Hence, we suspect the participation of Lu. longipalpis as a vector of L. (L.) amazonensis and the possible involvement of this parasite in the production of CL and VL for the following reasons:

Lu. longipalpis was found with L. (L.) amazonensis DNA;

it constitutes the only sand fly highly abundant in the urban area during nine months of entomological survey;

occurrence of urban cases of CL in the absence of other sand fly species;

the notification of VL cases during the study period in the absence of circulating L. (L.) infantum in the vector;

Lu. longipalpis is known to be a permissive vector for L. (L.) amazonensis transmission.

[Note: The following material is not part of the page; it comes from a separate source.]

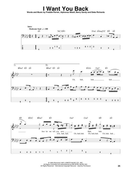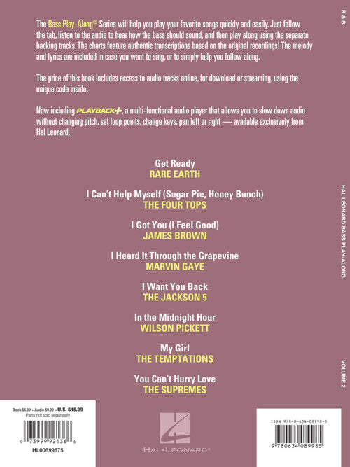 The Bass Play-Along Series will help you play your favorite songs quickly and easily! Just follow the tab, listen to the audio tracks to hear how the bass should sound, and then play along using the separate backing tracks. The melody and lyrics are also included in the book in case you want to sing, or to simply help you follow along. Songs: Get Ready · I Can't Help Myself (Sugar Pie, Honey Bunch) · I Got You (I Feel Good) · I Heard It Through the Grapevine · I Want You Back · In the Midnight Hour · My Girl · You Can't Hurry Love. Audio is accessed online using the unique code inside the book and can be streamed or downloaded. The audio files include PLAYBACK+, a multi-functional audio player that allows you to slow down audio without changing pitch, set loop points, change keys, and pan left or right.

Similarly, we suspect the participation of L. (L.) amazonensis as the etiologic agent of the reported cases of CL and VL due to: 1) the absence of evidence of other Leishmania spp., including L. (L.) infantum, in the sand flies we studied.

CONCLUSION

To better elucidate our findings and demonstrate whether L. (L.) amazonensis is predominating in previous endemic regions of L. (L.) infantum, we suggest that surveys (through integrative approaches) of the causative agents of leishmaniasis infecting dogs, humans and synanthropic reservoirs be carried out. Considering that in the Caxias municipality the diagnosis of dogs positive for leishmaniasis is performed only by serology – a non-specific method for identifying Leishmania species – and by microscopy of smears in human patients, molecular surveys, along with a genomic characterization of the parasites from those sources, must be performed. In addition to deeper ecological studies about the sand fly fauna, different sampling methods must be used in an integrative manner to verify whether some species, like Bi. flaviscutellata, are rare or just undersampled, as in surveys based on CDC-type traps, Lu. longipalpis is often the predominant sand fly in the sampling.